Saudi Arabia, the world’s largest oil exporter,
shipped less crude in June and exports also slid in fellow OPEC members Iraq,
Kuwait and Nigeria, according to official data.
The kingdom delivered 7.32 million barrels a day,
down from 7.79 million in May, according to figures the governments filed with
the Joint Organizations Data Initiative. Daily Saudi production fell by 20,000
barrels in June to 9.64 million.
Exports from Iraq, OPEC’s second-largest producer,
slumped to 2.33 million barrels a day from 2.48 million in May, the data
showed. Kuwaiti crude shipments dropped to 2.09 million barrels a day in June
from 2.23 million in the prior month.
“Exports were low from OPEC countries, as demand
was low in June, but production was high in many of them since local demand for
summer is pushing consumption up,” Kamel al-Harami, an independent oil analyst based in Kuwait, said on
18 August by phone.“Still, there are countries like
Nigeria, Iran and Libya who are cutting on exports due to their own problems.”

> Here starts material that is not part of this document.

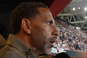 在约翰逊破门后,看台上的费迪南德目瞪口呆,而贝尔喜笑颜开鼓掌。
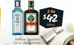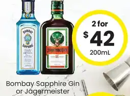 The Bottle O Bombay sapphire gin or jägermeister offer

Nigeria and Angola, the West African producers in
the Organization of Petroleum Exporting Countries, lowered their exports of
light crude in June by 0.7 percent and 3.6 percent, respectively, according to JODI. Algeria, another
African producer of light crude, reported an increase of 33 percent
in its June shipments to 704,000 barrels a day from 529,000 in May, the data
showed.
JODI is supervised by the Riyadh-based
International Energy Forum and uses statistics supplied by national governments
to compile data on production, imports and exports for oil producers and
consumers. The data include crude and condensates and exclude natural-gas
liquids.
Libya, Iran, Venezuela and the United Arab Emirates
failed to submit export data for June. The other members of OPEC, which
accounts for about 40 percent of daily global crude
production, are Algeria, Angola, Ecuador, Iraq, Kuwait, Nigeria, Qatar and
Saudi Arabia.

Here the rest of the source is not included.